How To Recognize the Symptoms of ADHD

By: infoserv
An ADHD diagnosis is not formal until formal tests have been given by a licensed psychologist or other mental health professional. Unfortunately, these days school teachers are the ones making the diagnosis when they usually have no qualifications to be able to do so. I think it is good to be cautious in diagnosing disorders and loosely labeling children with ADHD when that may not truly be the case. Often times symptoms of ADHD look like a lot of other things, and it is extremely important to a child's well-being to be careful in the process of evaluating them. It is important and essential, though, that school teachers are keeping their eyes and ears open while teaching. If they notice that a child is having more difficulties than other kids, first tell the parents. Then make sure that something is done about getting the child tested for ADHD and other learning disabilities. Some children do not get tested, and they struggle in school and life when they don't have to. Education and counseling early can really prevent children with ADHD in having as many struggles that tend to hold them back in various ways.

After is has been decided that a child should be tested for ADHD, it needed to be decided which ADHD test should be taken to evaluate for the disorder. There are a few different tests that will effectively diagnosis the presence of ADHD. The first step that should be taken, though, should be to rule out a physical disorder that has similar symptoms to ADHD. A general physician will be able to rule out that your child has some sort of physical problem, such as a thyroid problem.

After the child has seen a medical doctor, the next step will be to meet with a psychologist or other licensed mental health professional. They will be able to give your child the necessary tests to diagnose ADHD. You will be able to find specialists through CHADD, which is national organization that educates and helps people with ADHD.

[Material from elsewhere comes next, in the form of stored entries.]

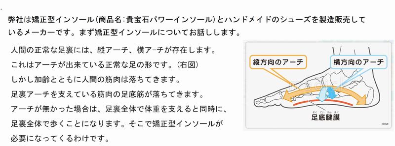 そして貴宝石パワーインソールは7サイズ展開なので日本人の足のサイズにほとんどの方に合います。日本の職人が一足ずつ作るハンドメイドのインソールです。日本人の足の型に合わせた7サイズというインソールの大きさがあれば、99.9%の人に合うわけです。歩行時に足裏を支え姿勢を正しく安定させ、体のバランスをサポートします。
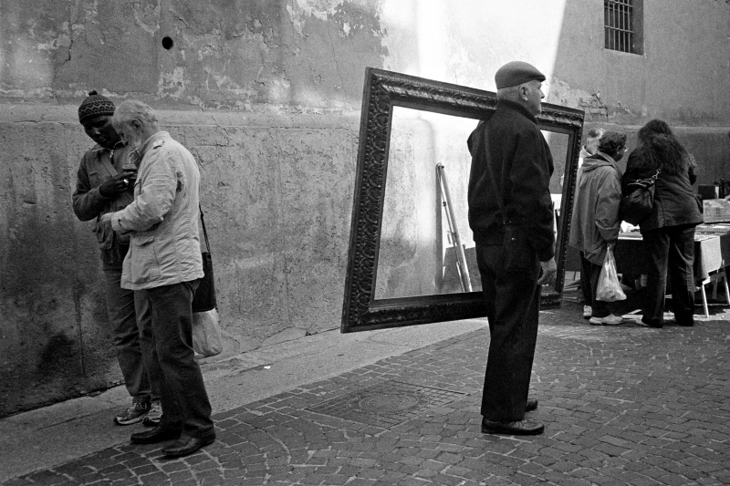 Ciao...mi permetto...a me piace...la cornice trasportata dall'uomo è come un magnete per l'occhio, e l'illusione che sia uno specchio è intrigante...i due uomini che confabulano aggiungono altro mistero allo scatto...l'unica cosa che forse un pò distrae sono le due signore...
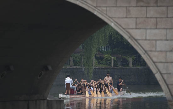 昨天,市區(qū)紫陽橋下,龍舟鑼鼓聲由遠及近,龍舟隊員們頂著烈日,沖刺端午。
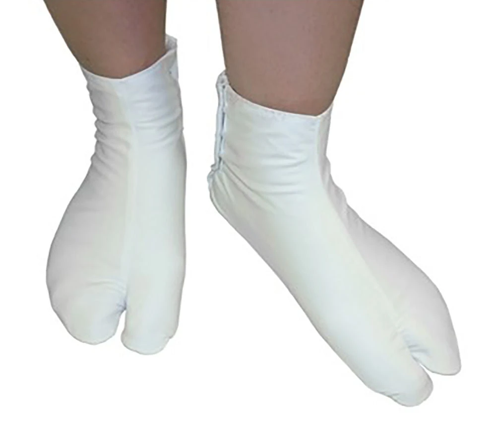 Many Japanese cultural activities including Budo utilise these traditional Tabi socks. These black cotton models are for indoor use only and feature a hook and eye fastener and a white cotton sole.
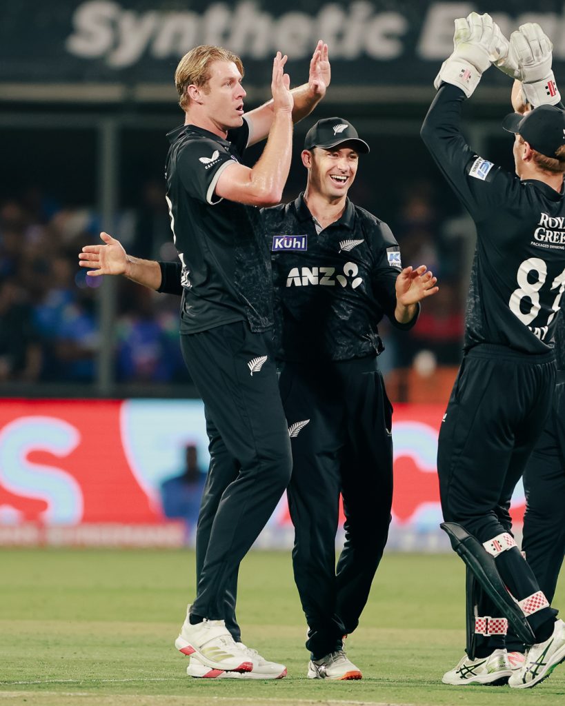 न्यूजीलैंड के लिए जकारी फॉल्कस और क्रिस्टन क्लार्क ने 3-3, जबकि जायडेन लेनॉक्स ने 2 विकेट लिए। काइल जैमिसन को 1 विकेट मिला। डेरिल मिचेल प्लेयर ऑफ द मैच रहे।
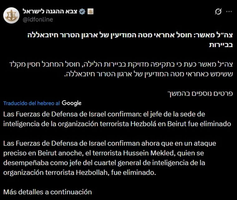 En paralelo, las Fuerzas de Defensa de Israel (FDI) confirmaron que abatieron en Beirut al jefe del cuartel general de inteligencia de Hezbolá.
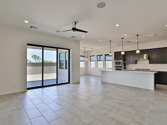 NEW BUILD! Be the FIRST to call this house your home. Situated in the new community of Tapestry in NE Mesa, with a multitude of upgrades including gorgeous tile (set in the basketweave style) in all high traffic and living areas, brand new neutral carpeting in each bedroom, neutral paint throughout, smooth walls (Santa Fe), 3 BEAUTIFUL BRICK ACCENT WALLS, 10 Ft ceilings, upgraded doors, window blinds, upgraded roller shades in all the right places, and upgraded ceiling fans and recessed lighting in every room. Beautiful kitchen features quartz countertops, large island, walk-in pantry, all new Kitchen Aide appliances: gas stove top, built-in oven and microwave combination, dishwasher and a refrigerator with water & ice. Pre-wired for 4 speakers. The primary suite has large walk-in closet, double sink vanity, separate laundry room, three car TANDEM garage offers plenty of storage and parking. Contemporary, modern multi-panel sliding glass door that opens to the private covered patio, easy maintenance front and back yards. (Landscaping in progress) Views of the Superstition Mountains. Smart garage door, smart thermostats, Smart front door, mesh wifi. Available for immediate move in. No Cats, no dog over 25 lbs considered. Application fee $60 for first 2 adults. Refundable deposit and $200 lease processing fee due at lease signing. SJFowler uses Petscreening.com. This property allows self guided viewing without an appointment. Contact for details.
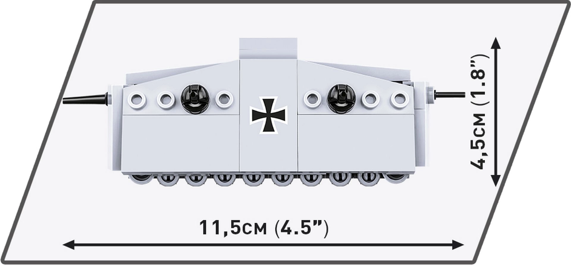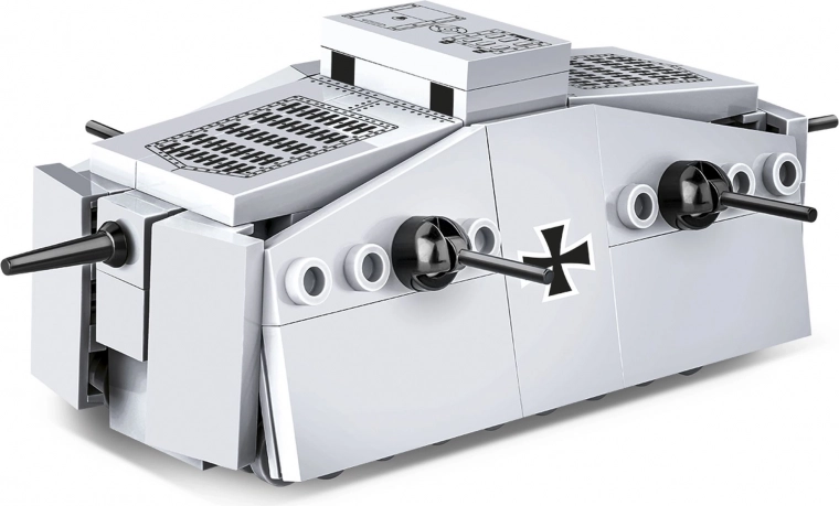 El Sturmpanzerwagen A7V fue el primer tanque alemán desplegado al final de la Primera Guerra Mundial. Este icónico blindado, con una tripulación de hasta 18 soldados, llevaba un cañón Nordfeld de 57 mm y seis ametralladoras MG 08. El modelo de COBI a escala 1:72, con una longitud de aprox. 11,5 cm, mantiene los rasgos típicos del original y destaca por los precisos estampados de cruces, rejillas y escotillas.
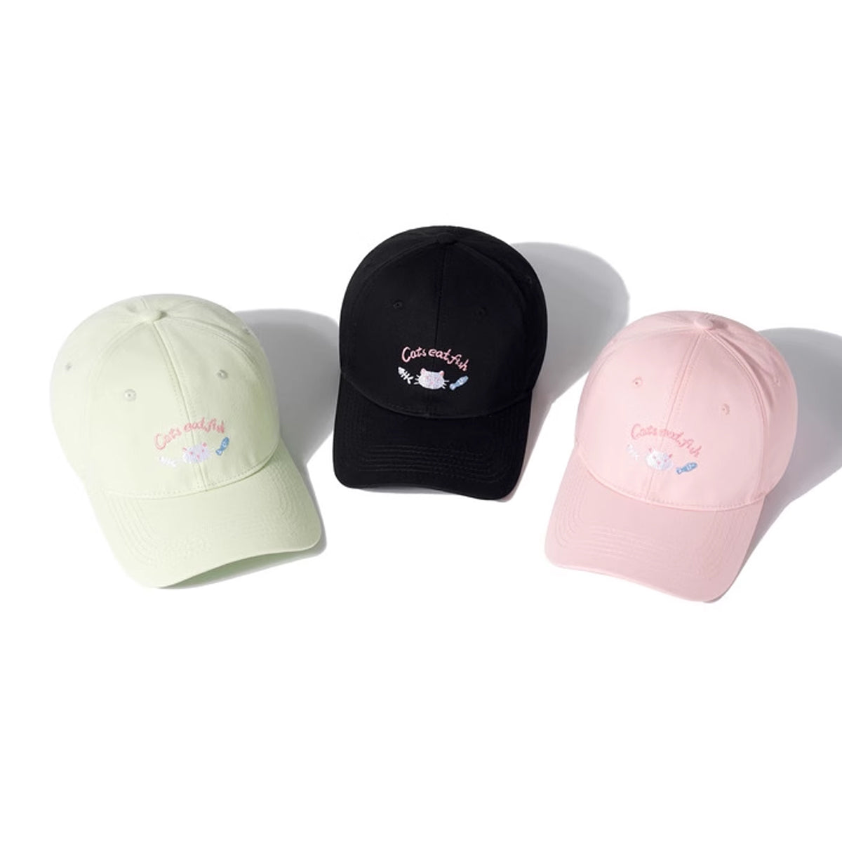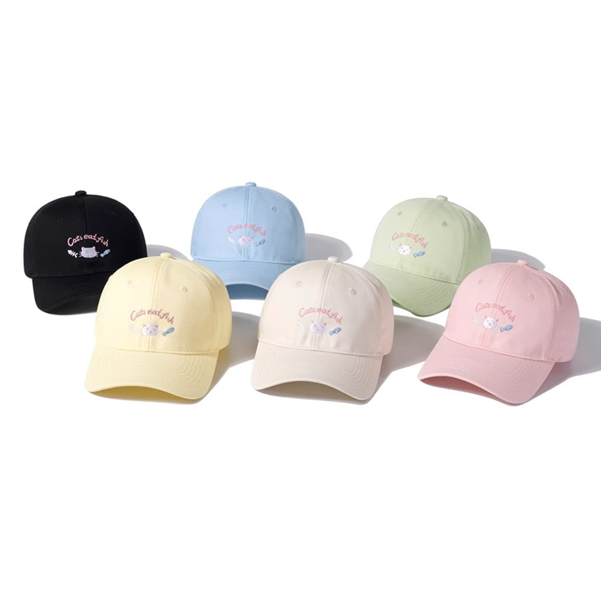 ・「Cats eat fish」のピンクの文字が、猫のグルメな日常を表現
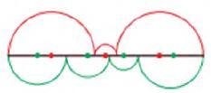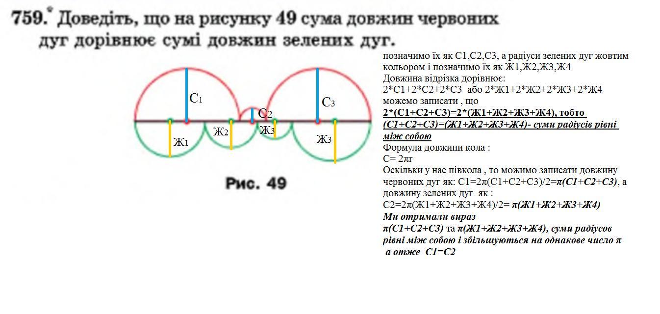 . Доведіть, що на рисунку сума довжин червоних дуг дорівнює сумі довжин зелених дуг.
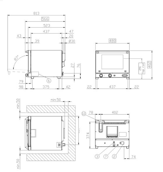 -L’air est l’instrument de transmission de la chaleur et donc le moyen de cuire le produit. Les performances de ventilation sont fondamentales pour obtenir des cuissons uniformes sur tous les points de chaque plat à four, sur tous les plats à four. C’est pour cette raison que l’étude des écoulements d’air à l’intérieur de la chambre de cuisson joue dans la conception de tous les fours CALDOBAKE un rôle de première importance. -La technologie Protek.SAFE fait partie du programme NON.STOP EFFORTS avec lequel SPIDOCOOK s’engage à réduire au minimum l’impact environnemental de ses produits et des processus de cuisson avec lesquels ils sont réalisés.
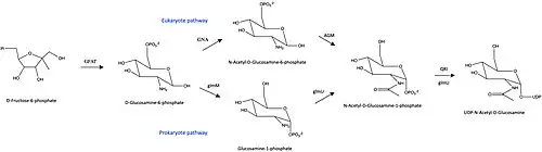 - ↑ Milewski S, Gabriel I, Olchowy J (January 2006). "Enzymes of UDP-GlcNAc biosynthesis in yeast". Yeast. 23 (1): 1–14. doi:10.1002/yea.1337. PMID 16408321. S2CID 39940329.
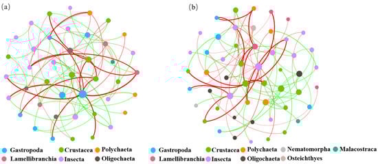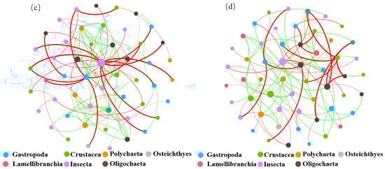 To explore the interspecies interactions of benthic animal communities, this study constructed an ecological network of benthic animal communities in the different water functional zones of the Jiangsu section of the Yangtze River at the taxonomic level (Figure 11). As shown in Figure 11a, six species, including Gastropoda, Crustacea, Polychaeta, and Entomophthorales, were found in the protected zone network. As shown in Figure 11b, nine species, including Gastropoda, Crustacea, Ironworms, and Malacostraca, were found in the reserve zone. As shown in Figure 11c, seven species, including Gastropoda, Oligochaeta, Polychaeta, and Entomophthorales, were found in the buffer zone. As shown in Figure 11d, seven species, including Branchiopsida, Oligochaeta, Polychaeta, and Entomophthorales, were found in the development and utilization zone. Node size is related to connection number (i.e., degrees), with more connections resulting in larger nodes. Figure 11 shows that the gastropod class in the protected zone has the most connected relationships in the ecological network. The crustaceans in the reserve zone have the most connected relationships in the ecological network. Both the buffer and the development and utilization zones are the most interconnected in the ecological network of insects.

When you find a qualified mental health professional, your first initial meetings will involve your child and a family member that has known the child since they were young. The mental health professional will get a detailed personal history from your child's point of view as well as the family member's point of view.

After this, tests such as TOVA (Tests of Variable Attention) will be given to see if there is the presence of ADHD. This test is a 23 minute test, and is accurate in distinguishing is a test subject has ADHD or not. I believe it is important to get formal testing to know for sure whether the child is struggling with ADHD or possibly something else such as a learning disorder.

Other disorders that could look like ADHD are depression and anxiety disorders, Tourette's Syndrome, early onset bi-polar disorder, conduct disorder and possibly other emotional problems or disorders. It is very important to keep this in mind during the process of evaluation.